OTTAWA, Ont. — Canadian motor carriers maintained their profitability despite a 3.1% increase in costs during the final quarter of 2003, Statistics Canada figures published today indicate.
The average motor carrier operating ratio (operating expenses divided by operating revenues) remained unchanged at 0.94 in other words, carriers are making six cents on the dollar. Arguably, any ratio less than 0.95 is considered healthy for the trucking industry.
There were an estimated 2,736 for-hire trucking companies based in Canada with annual revenues of $1 million or more in the fourth quarter of 2003, down from 2,855 carriers in the fourth quarter of 2002. Operating revenues totalled $5.31 billion and operating expenses reached $4.99 billion, up 3.1% and 3.3% respectively from the fourth quarter of 2002.

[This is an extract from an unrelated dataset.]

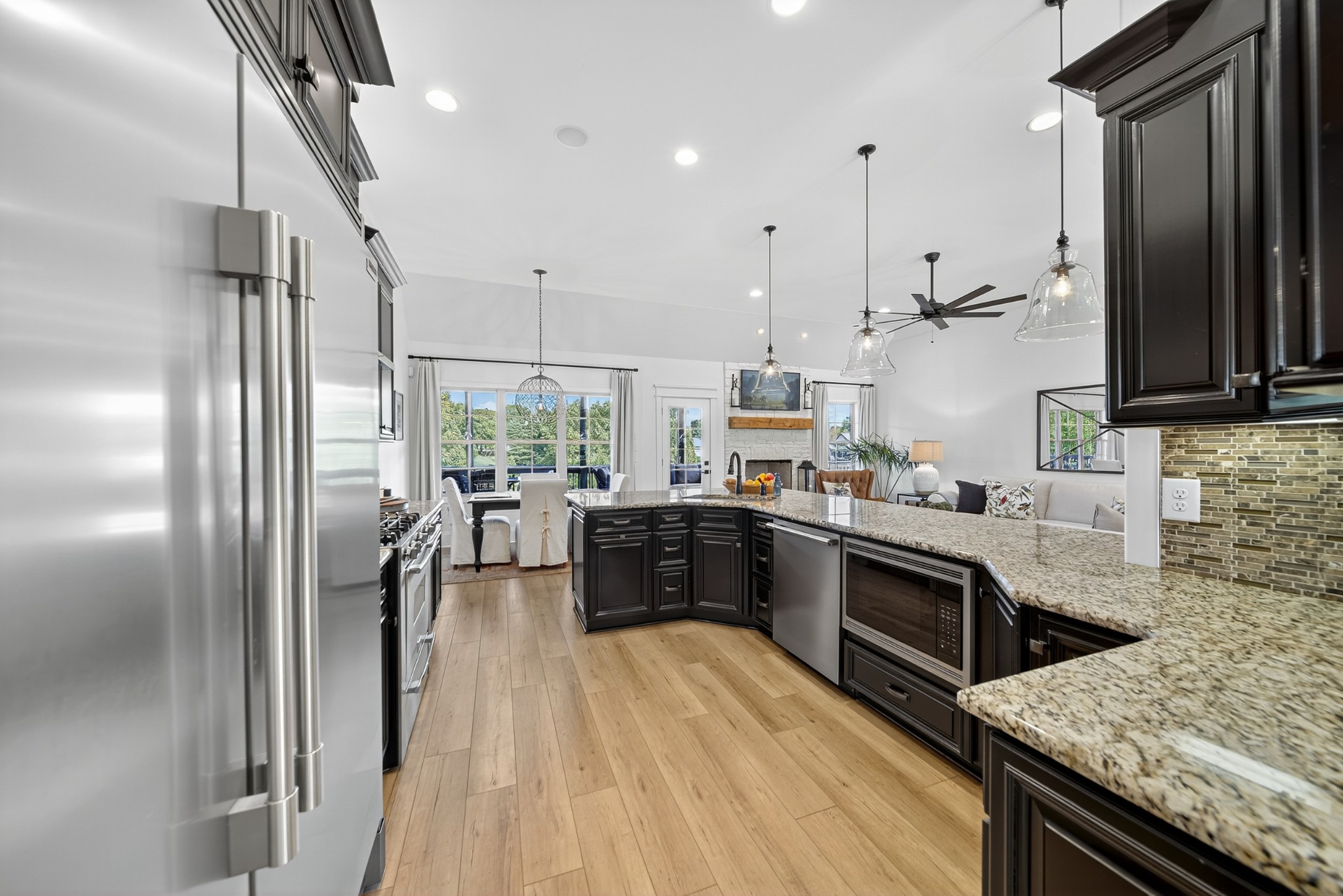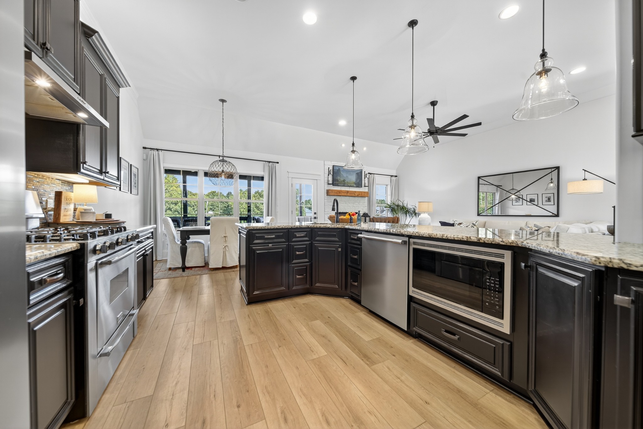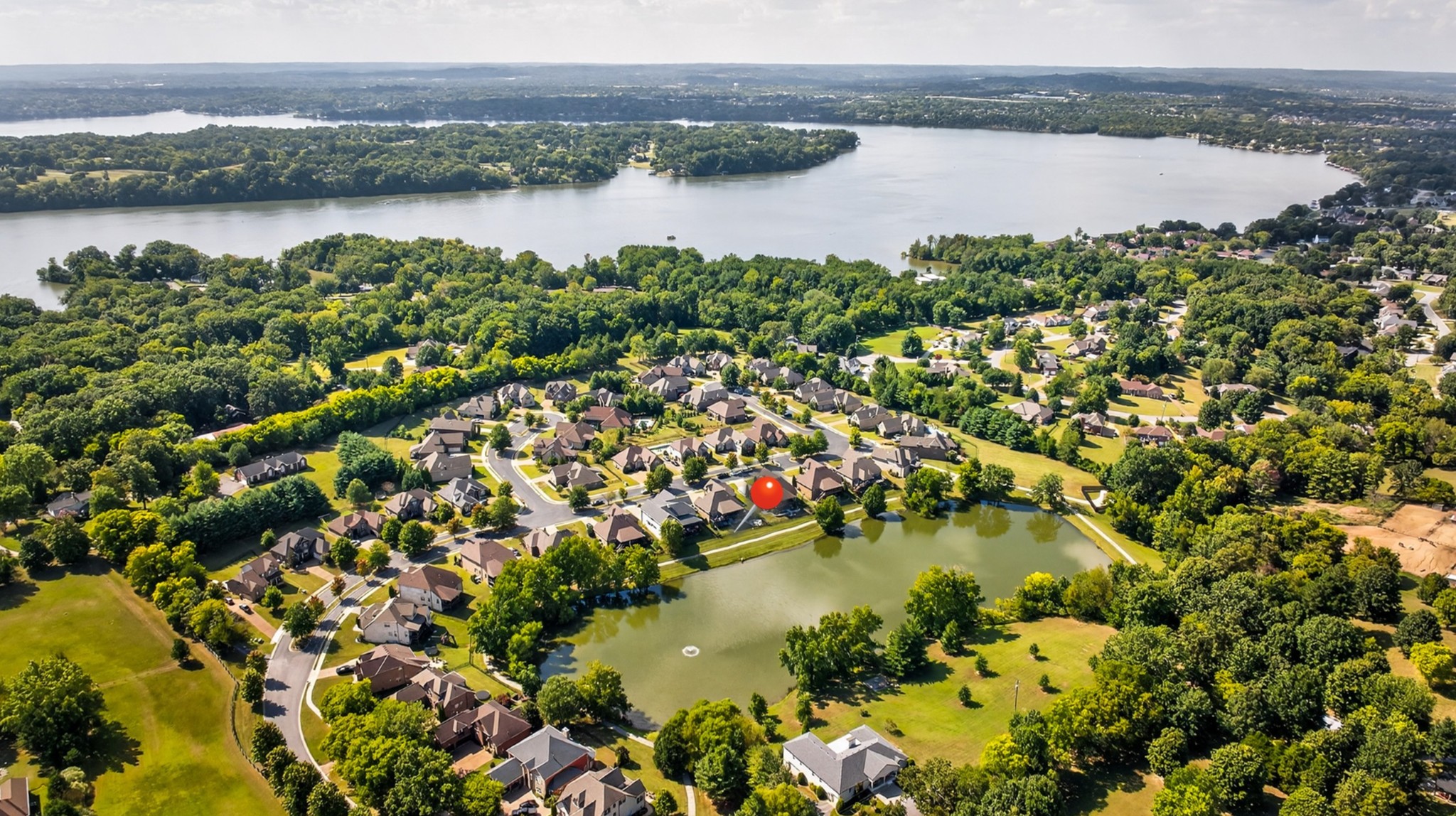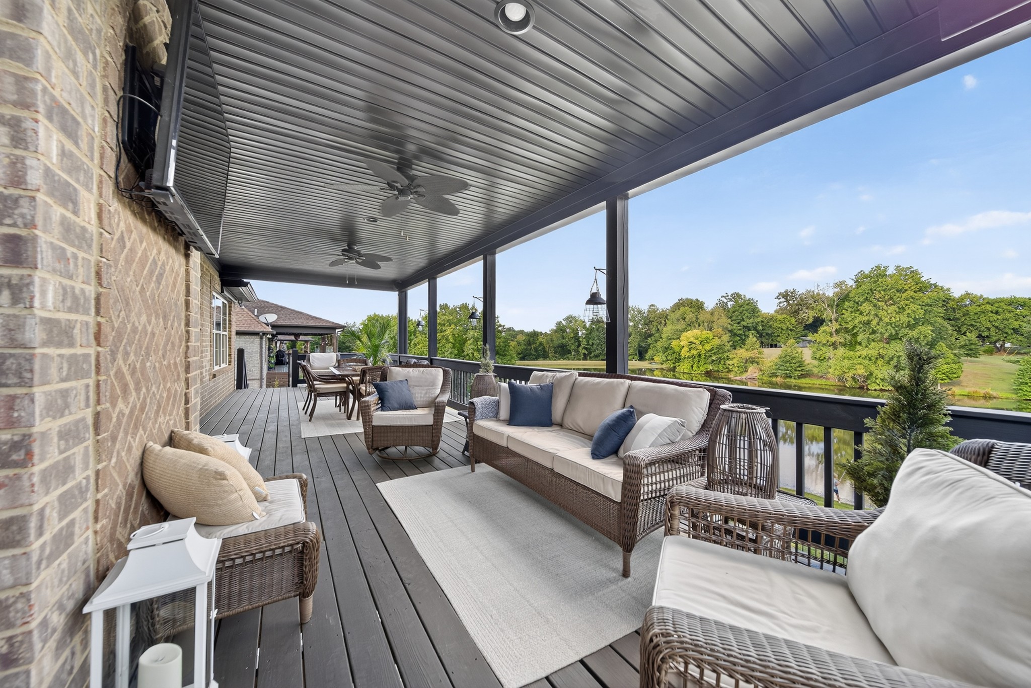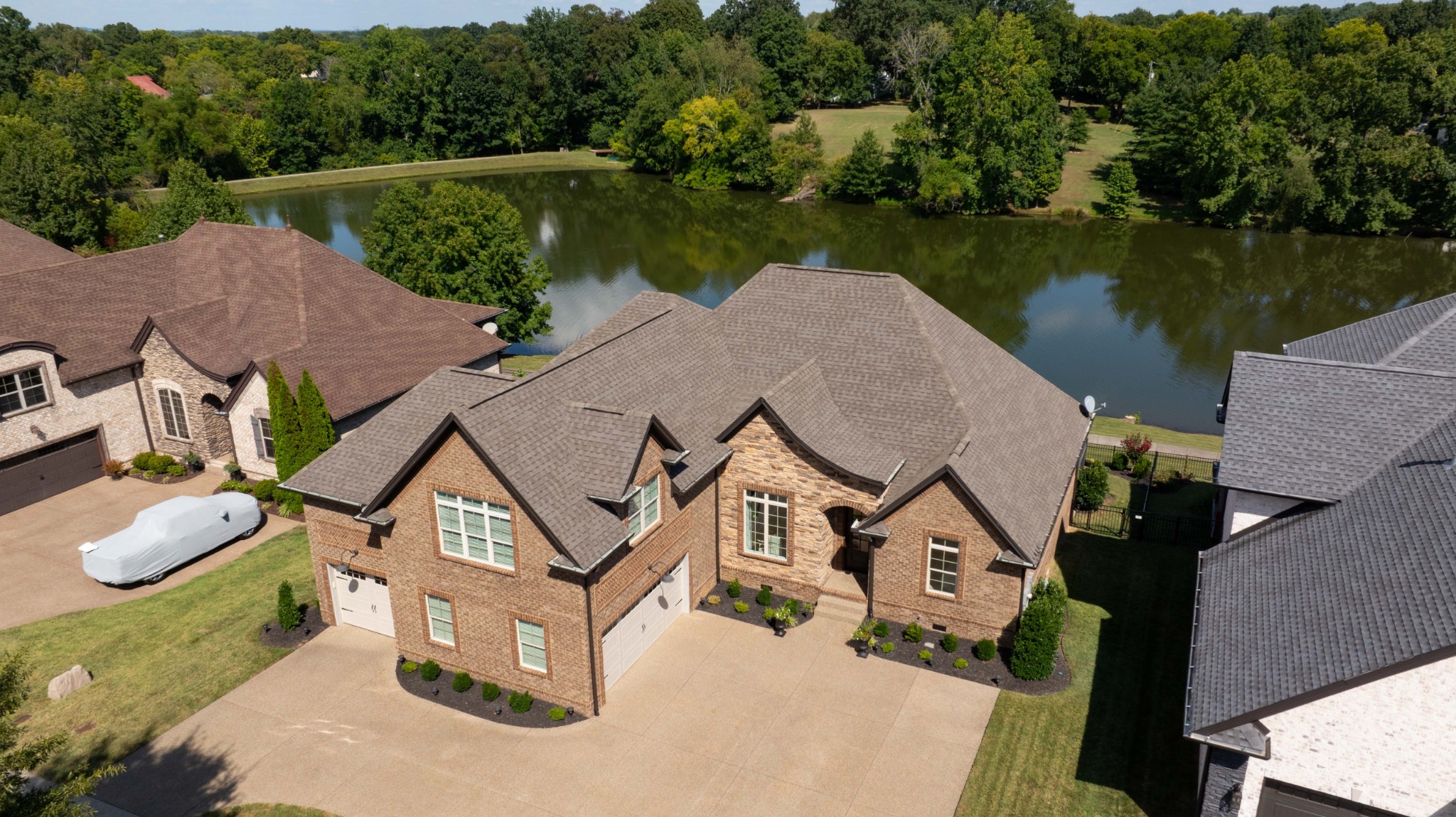 Incredible breathtaking views! Located on a private lake in a gated community, this all brick luxury showplace has an open floor plan, huge gourmet eat-in kitchen, all stainless appliances, large walk-in pantry, formal dining, great rm with fireplace, coffered ceilings, three BR's on the main level, primary suite with massive walk-in closet, separate shower/tub/double vanities and tankless water heater. A 54 ft oversized deck (one half covered) with tv's, expands the length of the home with an equally spacious patio underneath. The rec room upstairs features a full kitchenette/two tv's, wine fridge and bar. Entertainer's dream with Sonos whole house speaker system, pool table (which stays) and a 24x11 media room with surround sound/three tv's. In 2020 sellers installed new roof, new luxury plank flooring throughout, & built the new outdoor patio with natural gas fire-pit. Tons of storage space..possible expansion walk in floored attic with 16 ft. ceilings, walk in crawlspace storage under the deck. Beautiful new landscaping in 2024, fenced back yard backing up to the walking trail that circles the lake. Three car immaculate garage features an EV charger! Just minutes from schools, shopping/dining, marinas and Old Hickory Lake! This house is even more stunning in person!

Both average operating revenues and expenses were up, 7.2% for revenues and 7.7% for expenses, in the fourth quarter compared with the same quarter of 2002. Average expenses were at $1.82 million compared with $1.69 million in the same period in 2002.
The increase in expenses was driven by higher purchased transportation and other expenses combined with smaller increases in salaries and wages, as well as payments to owners and operators. However, average costs per carrier were lower for depreciation (-16.6%) and fuel (-4.5%).
For-hire trucking transportation revenues from domestic movements increased by 13.2% to $3.44 billion from $3.04 billion one year ago. Revenues from international movements on the opposite were down by 13.2%, with inbound movements down by almost 21%.